Teaching regular expressions can be difficult because they are typically embedded into a programming language or a tool like sed. This is compounded by differences between most of these implementations. Rather than have you get stuck in various different flavors of regex hell, I've created a very small project called Regetron for experimenting with regular expressions. It uses Python's version of regex, but those are pretty close to the 90% of regex you'll actually use.

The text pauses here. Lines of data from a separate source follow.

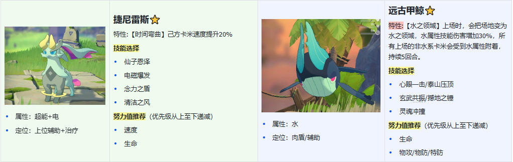 - 捷尼雷斯:3神兽之一,电偶的上位替代,专属技能“仙子恩泽”是目前含金量最高的变化技能,满星直接给队友回满血。捷尼雷斯在雨天队里主要是辅助生存位,它也是通过专属神兽活动捕捉,前面可以先用电偶过渡。
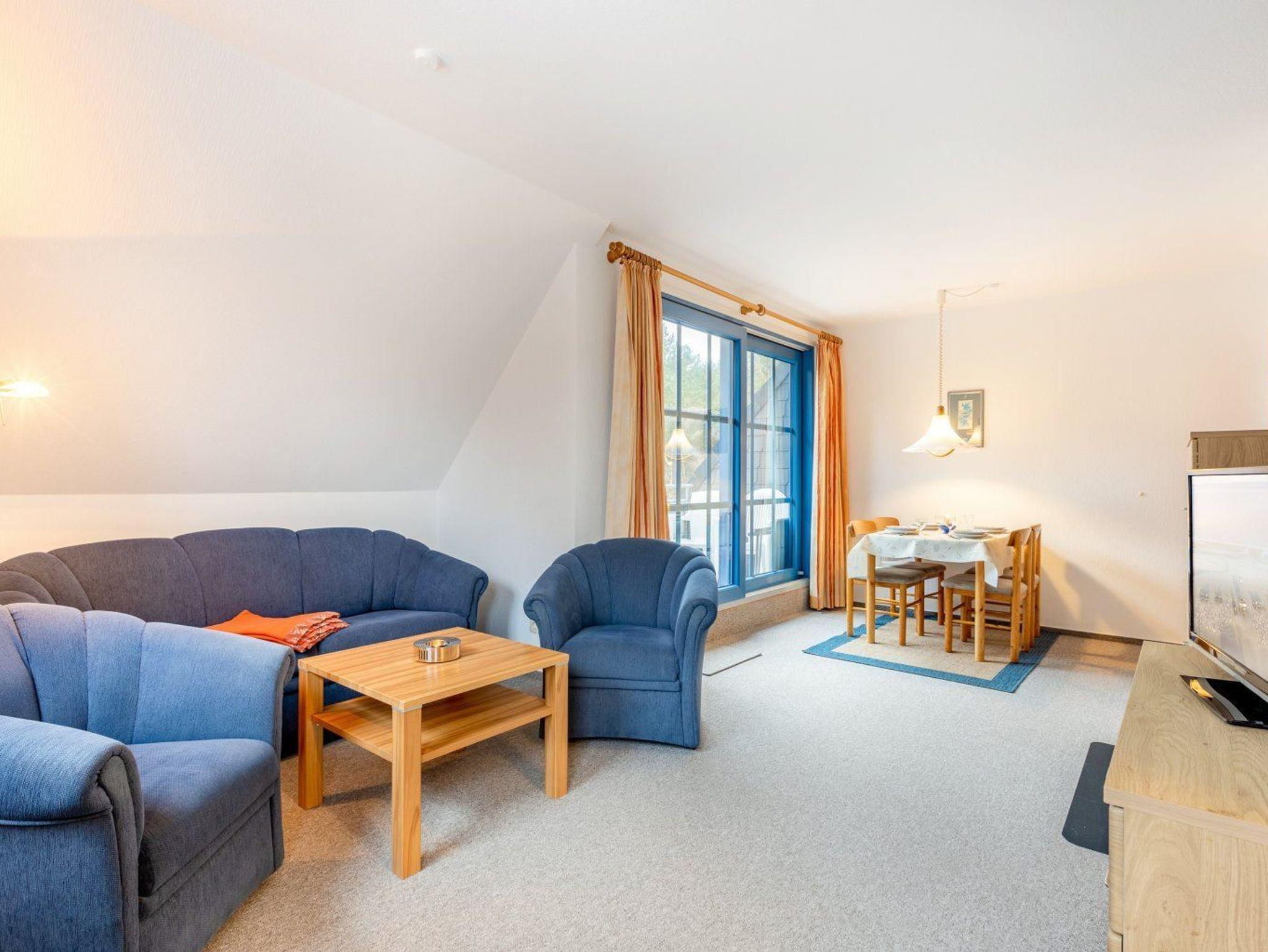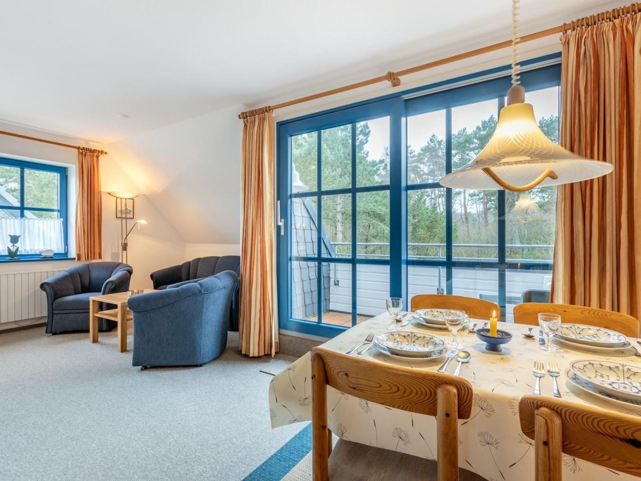 Wohnzimmer mit 1 Sofa und 2 Sesseln, TV (Kabel), Radio mit CD-Player, Esstisch mit 4 Stühlen und Kaminofen. Direkter Zugang zum möblierten, windgeschützten Balkon nach Südwesten mit schönem Ausblick auf das angrenzende Wäldchen.
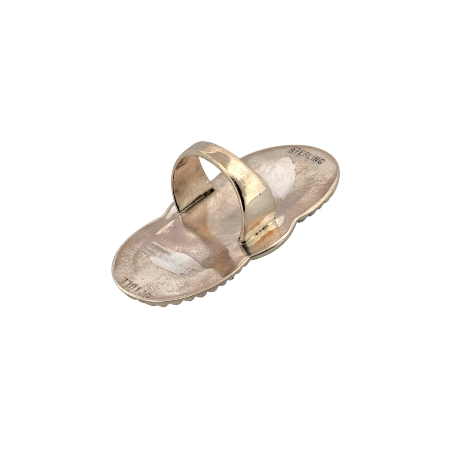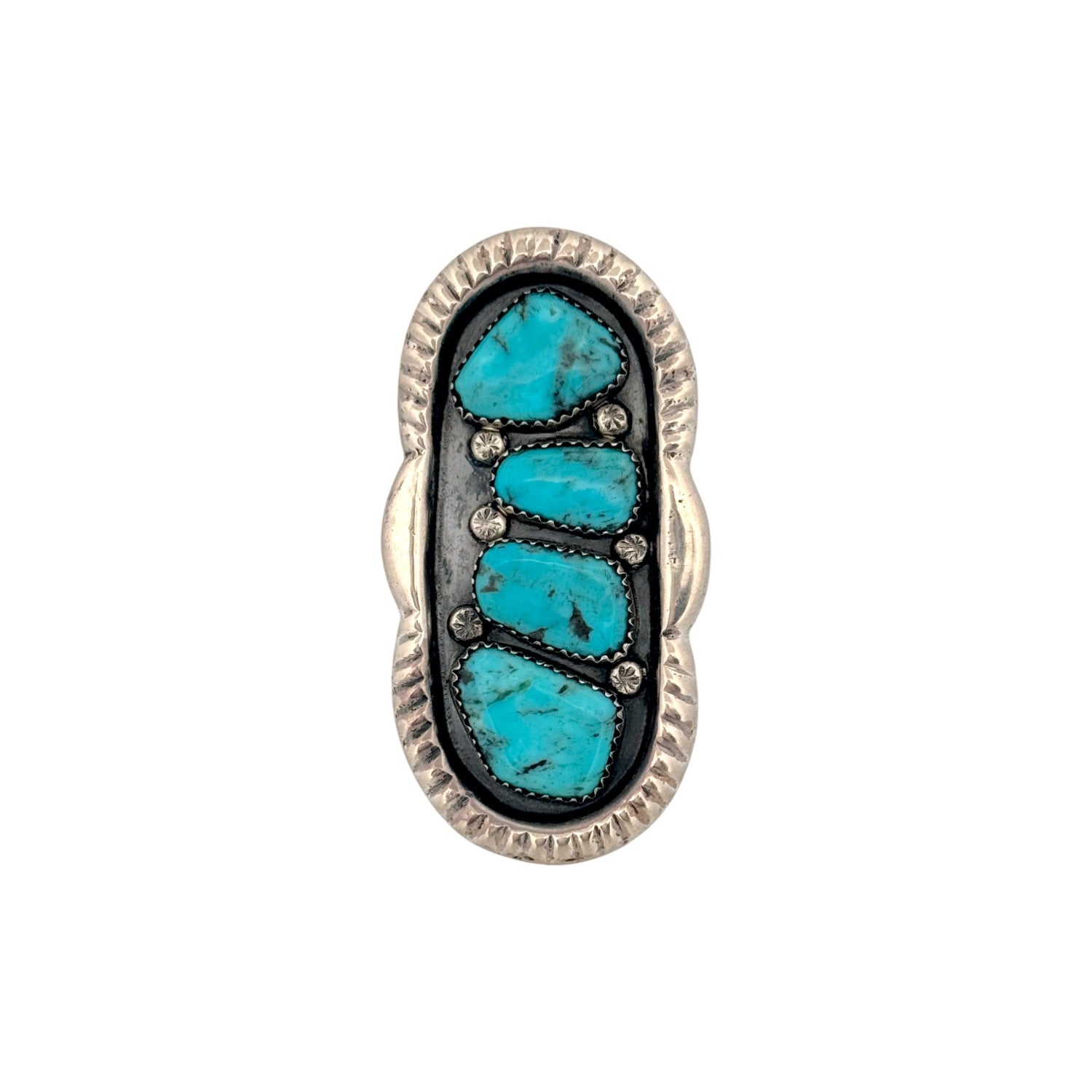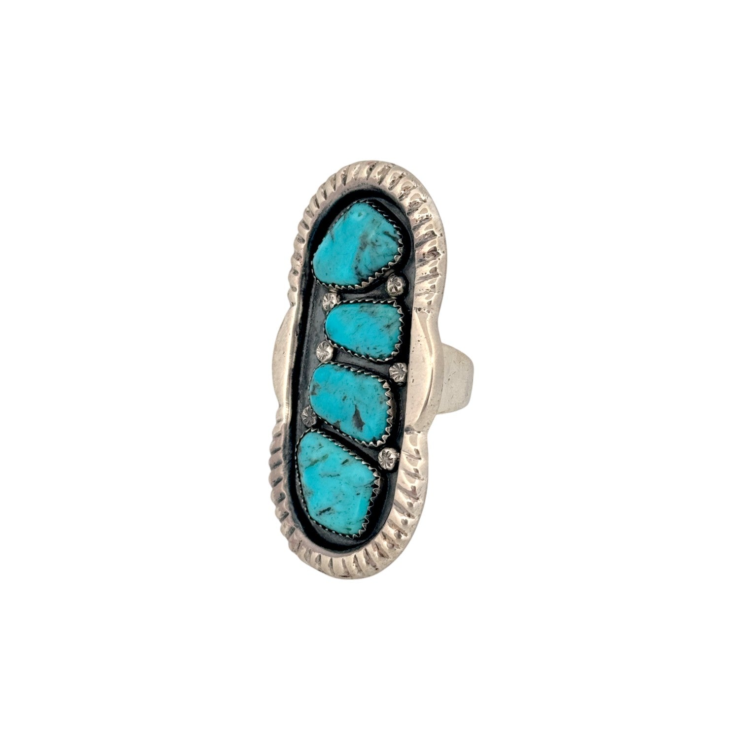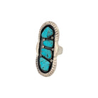 This Zuni handmade ring by Wilbur Iule features striking Nevada Blue turquoise stones arranged in a dynamic vertical composition. Set in solid sterling silver, the vivid blue stones display natural matrix that adds depth and character to the design. The traditional Zuni setting highlights precise stonework and clean silver detailing. Balanced proportions and careful craftsmanship reflect Iule’s skill and dedication to classic Zuni jewelry traditions. A bold yet refined ring, it’s a beautiful addition for collectors and admirers of authentic Native American turquoise jewelry.

To install Regetron simply do this:

Alternatively, you can go to the Regetron project page and get the source to install like this:

$ git clone git://gitorious.org/regetron/regetron.git
$ cd regetron
$ sudo python setup.py install

Once you have Regetron, you try running it and doing some things with it:

$ regetron
Regetron! The regex teaching shell.
Type your regex at the prompt and hit enter. It'll show you the
lines that match that regex, or nothing if nothing matches.
Hit CTRL-d to quit (CTRL-z on windows).
> !data "Hello World!"
> .*W.*
0000: Hello World!
> Cats
>

How To Use Regetron

How this works is you give Regetron a file or a string of data, and then you type in regular expressions (regex). You can see this when I type !data "Hello World!" to setup a string to work with, then did a regex against it .*W.*. If a regex matches then it will print out the lines that it found matched. If nothing matches then it prints nothing. That's what happened when I typed Cats.

Regetron has a few commands and options as well:

  • If you give it a file on the command line it will load that: regetron somefile.txt
  • If you hit ENTER to make a blank line it will go into "verbose mode" which we'll use heavily in the book. To finish in verbose mode and run the regex just enter a blank line.
  • The command !data EXP will run any Python expression (EXP) and and set that as the data. Try !data "LOTS OF ME" * 100 and then try regex .*ME.* to see that it duplicated the line 100 times.
  • The command !help will print the available commands.
  • !load FILE will load the given file for your data.
  • !match toggles whether regex are run in match vs. search mode. We'll cover that later.
  • If you have readline installed, then Regetron will give you a readline scrollback and edit feature.
  • To exit, just use CTRL-d (or CTRL-z on Windows) and it'll exit.

Extra Credit

For this exercise just play with Regetron and make sure you're comfortable with it.